_What is needed_.
The listing is to be returned word for word, without its images.

_Recorded data_.
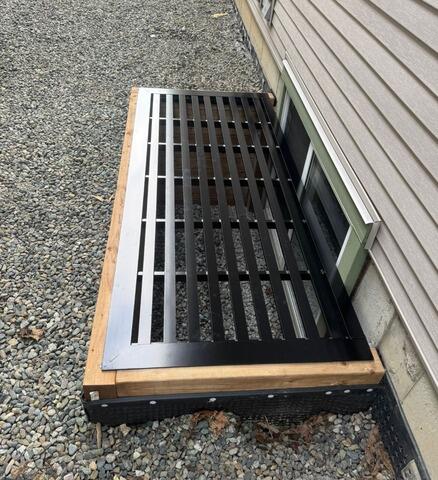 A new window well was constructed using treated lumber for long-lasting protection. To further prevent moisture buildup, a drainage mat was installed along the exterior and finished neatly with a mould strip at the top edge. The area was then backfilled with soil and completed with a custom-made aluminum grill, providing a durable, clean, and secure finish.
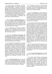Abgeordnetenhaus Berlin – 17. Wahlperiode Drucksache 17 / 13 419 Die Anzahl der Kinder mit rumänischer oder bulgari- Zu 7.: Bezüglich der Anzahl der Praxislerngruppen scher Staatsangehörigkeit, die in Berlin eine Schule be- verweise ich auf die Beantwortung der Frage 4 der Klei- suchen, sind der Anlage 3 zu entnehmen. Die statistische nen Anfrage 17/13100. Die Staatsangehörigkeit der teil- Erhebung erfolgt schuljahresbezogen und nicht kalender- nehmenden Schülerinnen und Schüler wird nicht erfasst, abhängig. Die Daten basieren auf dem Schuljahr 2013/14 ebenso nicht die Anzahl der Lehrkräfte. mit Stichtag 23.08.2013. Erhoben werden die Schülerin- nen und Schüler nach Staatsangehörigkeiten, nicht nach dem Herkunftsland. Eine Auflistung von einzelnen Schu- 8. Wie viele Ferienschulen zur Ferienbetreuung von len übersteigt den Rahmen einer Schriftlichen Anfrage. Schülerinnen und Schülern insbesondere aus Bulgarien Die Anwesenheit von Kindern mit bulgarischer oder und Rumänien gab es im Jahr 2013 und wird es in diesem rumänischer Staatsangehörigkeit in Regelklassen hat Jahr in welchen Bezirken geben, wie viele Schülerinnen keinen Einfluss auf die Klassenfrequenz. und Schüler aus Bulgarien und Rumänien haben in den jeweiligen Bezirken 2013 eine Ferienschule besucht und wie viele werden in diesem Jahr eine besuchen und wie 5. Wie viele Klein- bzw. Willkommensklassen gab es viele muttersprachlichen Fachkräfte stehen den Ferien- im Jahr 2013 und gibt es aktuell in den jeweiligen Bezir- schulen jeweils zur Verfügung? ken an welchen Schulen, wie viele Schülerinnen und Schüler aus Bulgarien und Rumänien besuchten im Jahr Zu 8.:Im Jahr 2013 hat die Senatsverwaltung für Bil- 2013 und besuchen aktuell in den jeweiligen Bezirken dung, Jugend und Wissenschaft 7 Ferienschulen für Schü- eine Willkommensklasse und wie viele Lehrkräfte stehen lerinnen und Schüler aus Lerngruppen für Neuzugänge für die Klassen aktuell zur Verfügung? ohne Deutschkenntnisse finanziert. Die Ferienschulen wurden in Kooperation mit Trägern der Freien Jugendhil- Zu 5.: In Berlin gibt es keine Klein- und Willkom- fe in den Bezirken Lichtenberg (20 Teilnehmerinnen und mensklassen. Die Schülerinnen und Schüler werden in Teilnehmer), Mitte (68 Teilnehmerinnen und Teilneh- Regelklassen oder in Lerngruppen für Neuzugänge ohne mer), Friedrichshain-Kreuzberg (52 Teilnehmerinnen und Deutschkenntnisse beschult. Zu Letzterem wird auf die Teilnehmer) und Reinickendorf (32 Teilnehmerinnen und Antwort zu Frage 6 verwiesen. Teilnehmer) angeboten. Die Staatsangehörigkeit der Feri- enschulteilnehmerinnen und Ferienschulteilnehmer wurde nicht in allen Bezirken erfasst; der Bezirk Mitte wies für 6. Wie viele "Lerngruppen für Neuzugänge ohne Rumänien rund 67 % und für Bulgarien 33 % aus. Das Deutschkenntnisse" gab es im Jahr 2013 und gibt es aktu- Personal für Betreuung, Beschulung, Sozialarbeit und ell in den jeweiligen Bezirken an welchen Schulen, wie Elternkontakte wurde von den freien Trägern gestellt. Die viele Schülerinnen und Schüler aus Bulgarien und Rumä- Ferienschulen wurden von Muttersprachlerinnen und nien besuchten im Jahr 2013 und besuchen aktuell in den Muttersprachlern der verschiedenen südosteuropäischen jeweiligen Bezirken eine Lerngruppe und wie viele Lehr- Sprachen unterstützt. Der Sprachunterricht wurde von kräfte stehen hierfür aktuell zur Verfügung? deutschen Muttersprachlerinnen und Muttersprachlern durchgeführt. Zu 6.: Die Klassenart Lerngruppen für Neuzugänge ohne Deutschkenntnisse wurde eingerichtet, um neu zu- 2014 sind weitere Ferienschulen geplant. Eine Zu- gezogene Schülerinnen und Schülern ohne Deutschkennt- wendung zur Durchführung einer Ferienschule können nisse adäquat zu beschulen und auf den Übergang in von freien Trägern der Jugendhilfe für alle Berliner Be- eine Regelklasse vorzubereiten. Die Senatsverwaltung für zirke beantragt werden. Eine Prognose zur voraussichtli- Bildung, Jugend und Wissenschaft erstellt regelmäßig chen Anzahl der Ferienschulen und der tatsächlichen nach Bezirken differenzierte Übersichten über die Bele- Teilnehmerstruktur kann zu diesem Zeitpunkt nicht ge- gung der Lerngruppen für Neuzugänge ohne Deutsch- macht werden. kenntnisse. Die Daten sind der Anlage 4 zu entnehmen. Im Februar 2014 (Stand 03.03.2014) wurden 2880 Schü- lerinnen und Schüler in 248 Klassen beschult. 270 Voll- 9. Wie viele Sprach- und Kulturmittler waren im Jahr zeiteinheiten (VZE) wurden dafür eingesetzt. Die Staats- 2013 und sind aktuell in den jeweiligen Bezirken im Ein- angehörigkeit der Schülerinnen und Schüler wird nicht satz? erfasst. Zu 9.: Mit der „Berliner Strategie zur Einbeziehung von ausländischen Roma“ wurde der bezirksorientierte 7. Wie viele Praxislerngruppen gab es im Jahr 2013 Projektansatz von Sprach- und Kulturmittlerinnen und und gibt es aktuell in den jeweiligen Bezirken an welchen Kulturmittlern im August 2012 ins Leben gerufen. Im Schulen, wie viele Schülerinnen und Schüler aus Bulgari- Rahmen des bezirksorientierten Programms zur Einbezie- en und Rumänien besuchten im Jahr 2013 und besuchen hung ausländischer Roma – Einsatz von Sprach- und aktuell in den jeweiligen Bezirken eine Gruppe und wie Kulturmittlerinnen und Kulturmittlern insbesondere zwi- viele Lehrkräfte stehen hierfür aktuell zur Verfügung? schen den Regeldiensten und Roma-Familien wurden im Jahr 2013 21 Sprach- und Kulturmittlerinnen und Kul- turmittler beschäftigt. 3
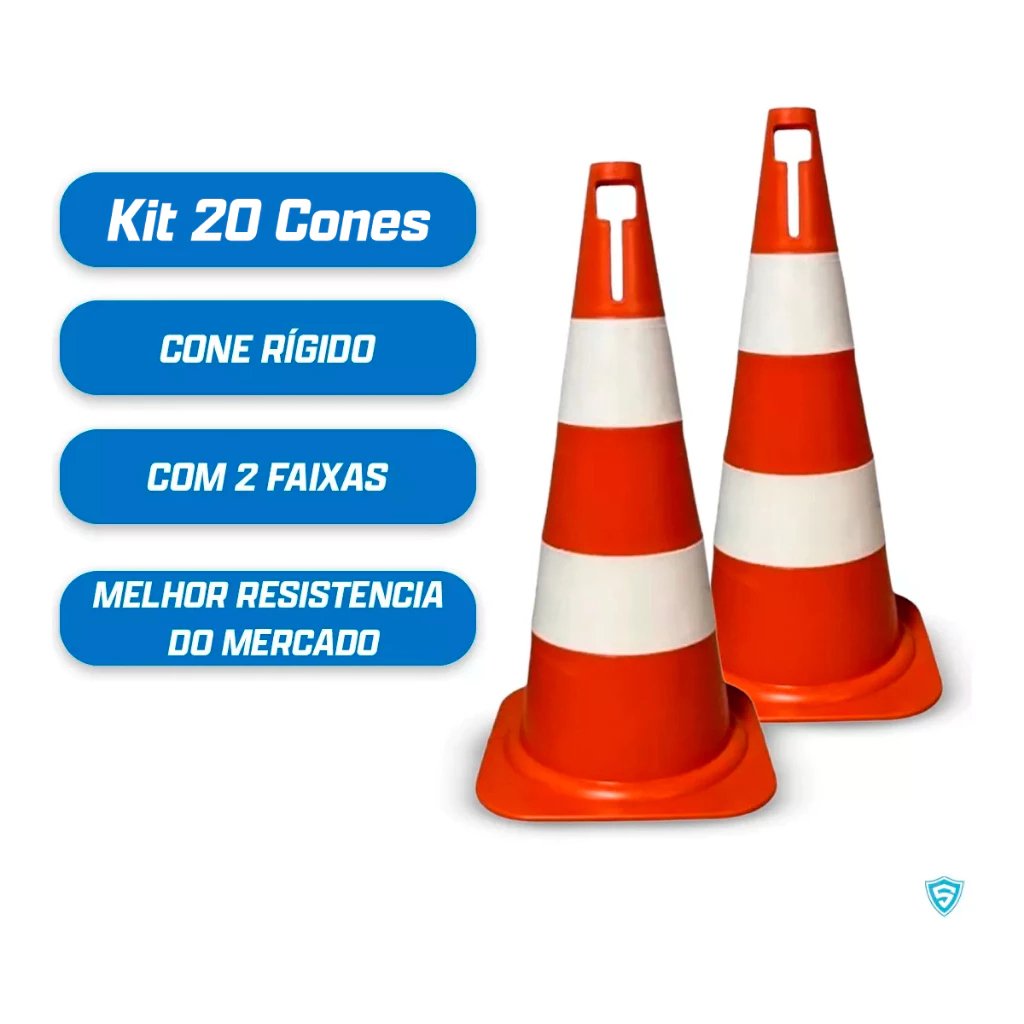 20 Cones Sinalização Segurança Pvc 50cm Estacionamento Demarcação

_Reply_.
 A new window well was constructed using treated lumber for long-lasting protection. To further prevent moisture buildup, a drainage mat was installed along the exterior and finished neatly with a mould strip at the top edge. The area was then backfilled with soil and completed with a custom-made aluminum grill, providing a durable, clean, and secure finish.
Abgeordnetenhaus Berlin – 17. Wahlperiode Drucksache 17 / 13 419 Die Anzahl der Kinder mit rumänischer oder bulgari- Zu 7.: Bezüglich der Anzahl der Praxislerngruppen scher Staatsangehörigkeit, die in Berlin eine Schule be- verweise ich auf die Beantwortung der Frage 4 der Klei- suchen, sind der Anlage 3 zu entnehmen. Die statistische nen Anfrage 17/13100. Die Staatsangehörigkeit der teil- Erhebung erfolgt schuljahresbezogen und nicht kalender- nehmenden Schülerinnen und Schüler wird nicht erfasst, abhängig. Die Daten basieren auf dem Schuljahr 2013/14 ebenso nicht die Anzahl der Lehrkräfte. mit Stichtag 23.08.2013. Erhoben werden die Schülerin- nen und Schüler nach Staatsangehörigkeiten, nicht nach dem Herkunftsland. Eine Auflistung von einzelnen Schu- 8. Wie viele Ferienschulen zur Ferienbetreuung von len übersteigt den Rahmen einer Schriftlichen Anfrage. Schülerinnen und Schülern insbesondere aus Bulgarien Die Anwesenheit von Kindern mit bulgarischer oder und Rumänien gab es im Jahr 2013 und wird es in diesem rumänischer Staatsangehörigkeit in Regelklassen hat Jahr in welchen Bezirken geben, wie viele Schülerinnen keinen Einfluss auf die Klassenfrequenz. und Schüler aus Bulgarien und Rumänien haben in den jeweiligen Bezirken 2013 eine Ferienschule besucht und wie viele werden in diesem Jahr eine besuchen und wie 5. Wie viele Klein- bzw. Willkommensklassen gab es viele muttersprachlichen Fachkräfte stehen den Ferien- im Jahr 2013 und gibt es aktuell in den jeweiligen Bezir- schulen jeweils zur Verfügung? ken an welchen Schulen, wie viele Schülerinnen und Schüler aus Bulgarien und Rumänien besuchten im Jahr Zu 8.:Im Jahr 2013 hat die Senatsverwaltung für Bil- 2013 und besuchen aktuell in den jeweiligen Bezirken dung, Jugend und Wissenschaft 7 Ferienschulen für Schü- eine Willkommensklasse und wie viele Lehrkräfte stehen lerinnen und Schüler aus Lerngruppen für Neuzugänge für die Klassen aktuell zur Verfügung? ohne Deutschkenntnisse finanziert. Die Ferienschulen wurden in Kooperation mit Trägern der Freien Jugendhil- Zu 5.: In Berlin gibt es keine Klein- und Willkom- fe in den Bezirken Lichtenberg (20 Teilnehmerinnen und mensklassen. Die Schülerinnen und Schüler werden in Teilnehmer), Mitte (68 Teilnehmerinnen und Teilneh- Regelklassen oder in Lerngruppen für Neuzugänge ohne mer), Friedrichshain-Kreuzberg (52 Teilnehmerinnen und Deutschkenntnisse beschult. Zu Letzterem wird auf die Teilnehmer) und Reinickendorf (32 Teilnehmerinnen und Antwort zu Frage 6 verwiesen. Teilnehmer) angeboten. Die Staatsangehörigkeit der Feri- enschulteilnehmerinnen und Ferienschulteilnehmer wurde nicht in allen Bezirken erfasst; der Bezirk Mitte wies für 6. Wie viele "Lerngruppen für Neuzugänge ohne Rumänien rund 67 % und für Bulgarien 33 % aus. Das Deutschkenntnisse" gab es im Jahr 2013 und gibt es aktu- Personal für Betreuung, Beschulung, Sozialarbeit und ell in den jeweiligen Bezirken an welchen Schulen, wie Elternkontakte wurde von den freien Trägern gestellt. Die viele Schülerinnen und Schüler aus Bulgarien und Rumä- Ferienschulen wurden von Muttersprachlerinnen und nien besuchten im Jahr 2013 und besuchen aktuell in den Muttersprachlern der verschiedenen südosteuropäischen jeweiligen Bezirken eine Lerngruppe und wie viele Lehr- Sprachen unterstützt. Der Sprachunterricht wurde von kräfte stehen hierfür aktuell zur Verfügung? deutschen Muttersprachlerinnen und Muttersprachlern durchgeführt. Zu 6.: Die Klassenart Lerngruppen für Neuzugänge ohne Deutschkenntnisse wurde eingerichtet, um neu zu- 2014 sind weitere Ferienschulen geplant. Eine Zu- gezogene Schülerinnen und Schülern ohne Deutschkennt- wendung zur Durchführung einer Ferienschule können nisse adäquat zu beschulen und auf den Übergang in von freien Trägern der Jugendhilfe für alle Berliner Be- eine Regelklasse vorzubereiten. Die Senatsverwaltung für zirke beantragt werden. Eine Prognose zur voraussichtli- Bildung, Jugend und Wissenschaft erstellt regelmäßig chen Anzahl der Ferienschulen und der tatsächlichen nach Bezirken differenzierte Übersichten über die Bele- Teilnehmerstruktur kann zu diesem Zeitpunkt nicht ge- gung der Lerngruppen für Neuzugänge ohne Deutsch- macht werden. kenntnisse. Die Daten sind der Anlage 4 zu entnehmen. Im Februar 2014 (Stand 03.03.2014) wurden 2880 Schü- lerinnen und Schüler in 248 Klassen beschult. 270 Voll- 9. Wie viele Sprach- und Kulturmittler waren im Jahr zeiteinheiten (VZE) wurden dafür eingesetzt. Die Staats- 2013 und sind aktuell in den jeweiligen Bezirken im Ein- angehörigkeit der Schülerinnen und Schüler wird nicht satz? erfasst. Zu 9.: Mit der „Berliner Strategie zur Einbeziehung von ausländischen Roma“ wurde der bezirksorientierte 7. Wie viele Praxislerngruppen gab es im Jahr 2013 Projektansatz von Sprach- und Kulturmittlerinnen und und gibt es aktuell in den jeweiligen Bezirken an welchen Kulturmittlern im August 2012 ins Leben gerufen. Im Schulen, wie viele Schülerinnen und Schüler aus Bulgari- Rahmen des bezirksorientierten Programms zur Einbezie- en und Rumänien besuchten im Jahr 2013 und besuchen hung ausländischer Roma – Einsatz von Sprach- und aktuell in den jeweiligen Bezirken eine Gruppe und wie Kulturmittlerinnen und Kulturmittlern insbesondere zwi- viele Lehrkräfte stehen hierfür aktuell zur Verfügung? schen den Regeldiensten und Roma-Familien wurden im Jahr 2013 21 Sprach- und Kulturmittlerinnen und Kul- turmittler beschäftigt. 3
 20 Cones Sinalização Segurança Pvc 50cm Estacionamento Demarcação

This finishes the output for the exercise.